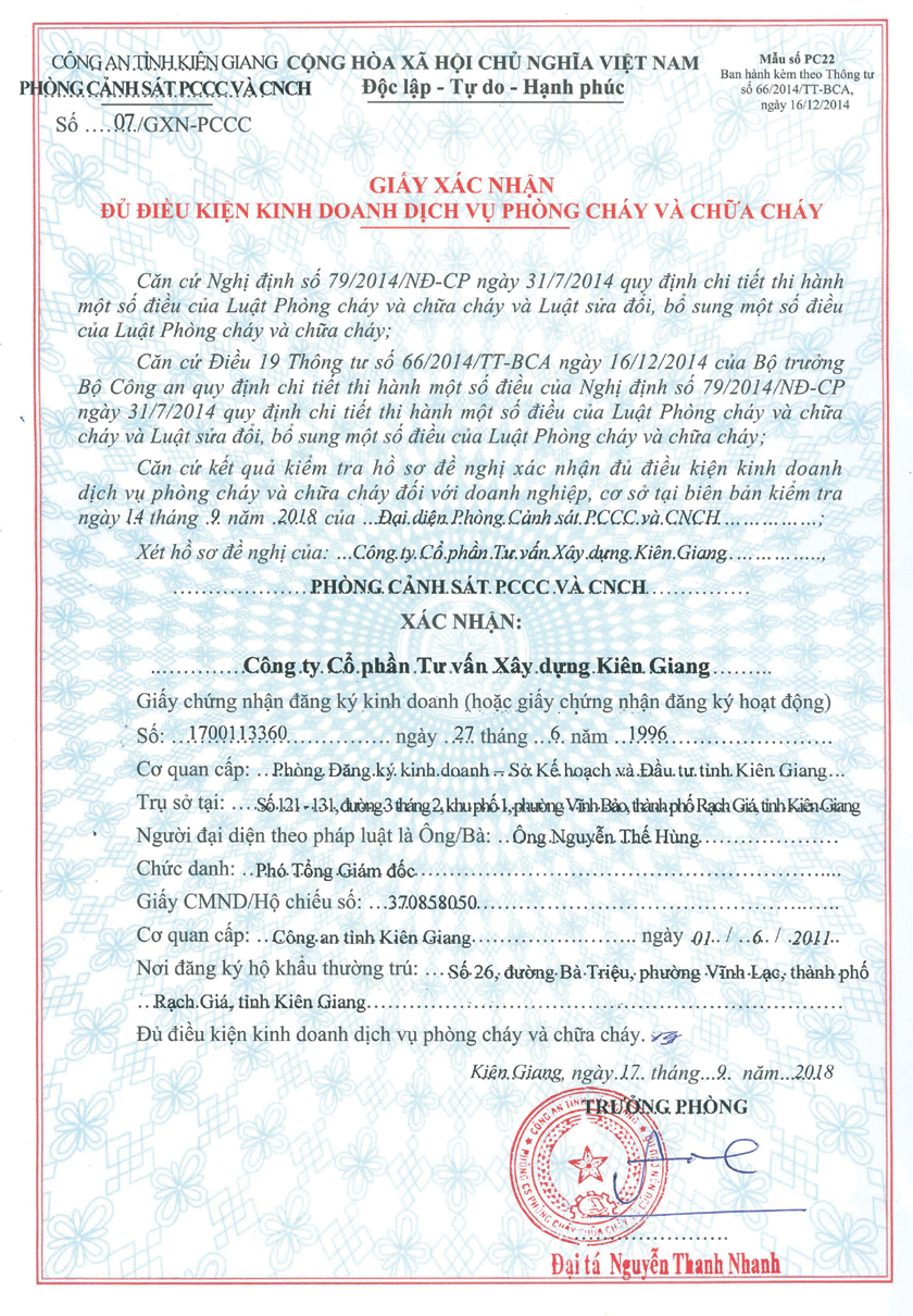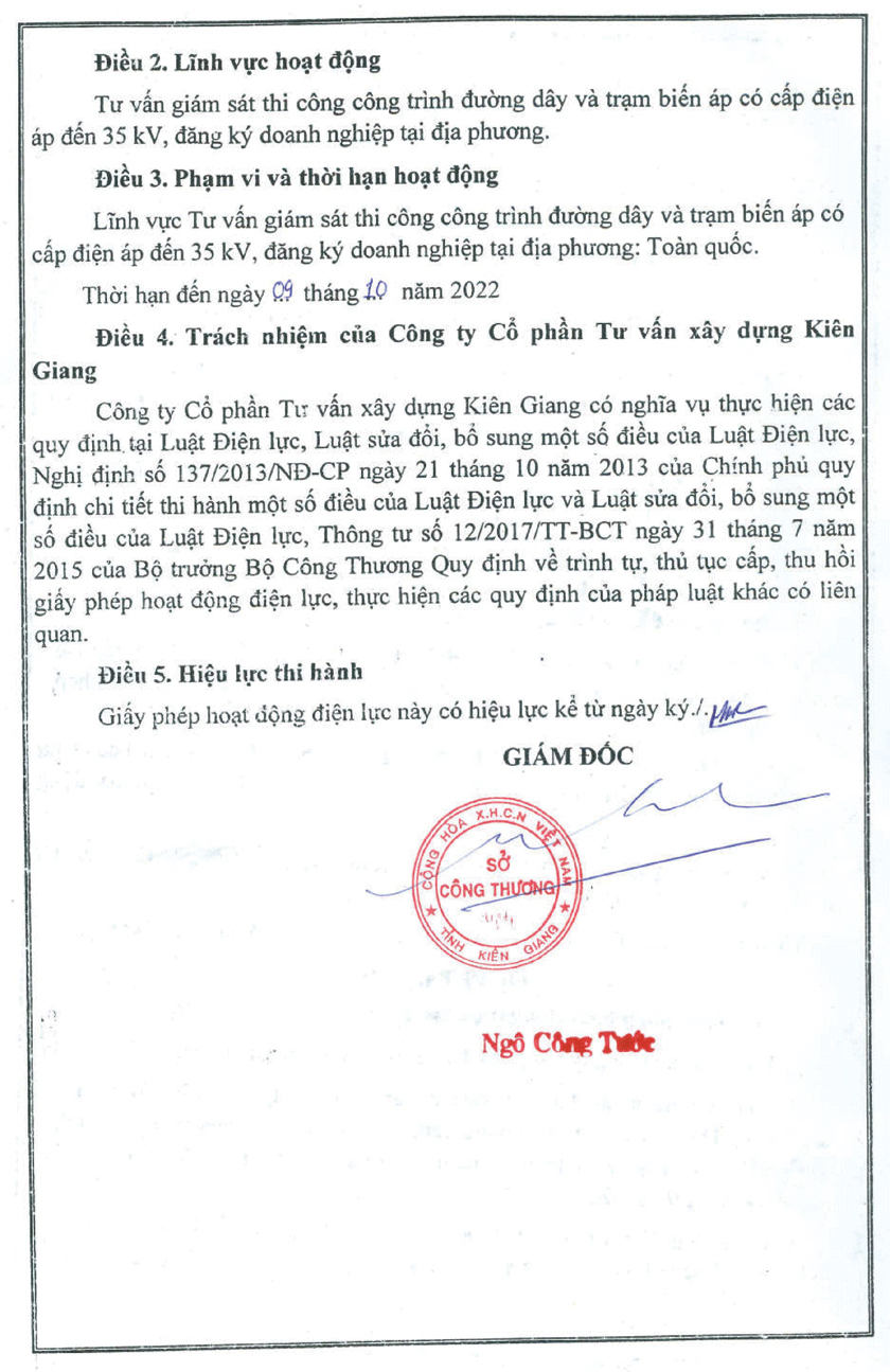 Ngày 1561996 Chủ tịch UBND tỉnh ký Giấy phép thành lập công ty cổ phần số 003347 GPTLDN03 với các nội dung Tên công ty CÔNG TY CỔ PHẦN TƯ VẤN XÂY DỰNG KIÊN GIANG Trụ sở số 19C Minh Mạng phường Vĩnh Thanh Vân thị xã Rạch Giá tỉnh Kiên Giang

* * *

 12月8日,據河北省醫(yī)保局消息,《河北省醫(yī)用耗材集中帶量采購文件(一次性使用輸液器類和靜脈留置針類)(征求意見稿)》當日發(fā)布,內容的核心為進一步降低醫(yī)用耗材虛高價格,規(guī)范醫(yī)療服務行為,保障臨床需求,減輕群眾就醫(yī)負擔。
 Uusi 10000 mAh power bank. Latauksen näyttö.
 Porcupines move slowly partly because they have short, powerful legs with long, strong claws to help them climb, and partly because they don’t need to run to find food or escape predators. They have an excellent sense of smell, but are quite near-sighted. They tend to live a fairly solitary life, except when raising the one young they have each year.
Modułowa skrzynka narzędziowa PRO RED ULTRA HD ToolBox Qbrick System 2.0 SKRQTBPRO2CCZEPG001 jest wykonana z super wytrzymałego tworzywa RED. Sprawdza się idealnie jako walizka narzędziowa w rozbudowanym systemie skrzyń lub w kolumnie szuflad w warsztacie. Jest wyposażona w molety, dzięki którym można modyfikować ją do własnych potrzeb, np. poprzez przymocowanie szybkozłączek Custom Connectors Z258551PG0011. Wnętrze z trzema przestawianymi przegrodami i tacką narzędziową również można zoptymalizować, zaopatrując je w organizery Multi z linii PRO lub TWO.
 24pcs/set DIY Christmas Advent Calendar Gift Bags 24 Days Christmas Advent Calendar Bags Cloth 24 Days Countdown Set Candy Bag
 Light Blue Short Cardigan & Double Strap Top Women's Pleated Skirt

[What you need to do]:
In the data above, which lines lie between the line with "12月8日,據河北省醫(yī" and the line with "Porcupines move slowly", inclusive? Print those lines exactly and nothing else.

[Solved exercise]:
 12月8日,據河北省醫(yī)保局消息,《河北省醫(yī)用耗材集中帶量采購文件(一次性使用輸液器類和靜脈留置針類)(征求意見稿)》當日發(fā)布,內容的核心為進一步降低醫(yī)用耗材虛高價格,規(guī)范醫(yī)療服務行為,保障臨床需求,減輕群眾就醫(yī)負擔。
 Uusi 10000 mAh power bank. Latauksen näyttö.
 Porcupines move slowly partly because they have short, powerful legs with long, strong claws to help them climb, and partly because they don’t need to run to find food or escape predators. They have an excellent sense of smell, but are quite near-sighted. They tend to live a fairly solitary life, except when raising the one young they have each year.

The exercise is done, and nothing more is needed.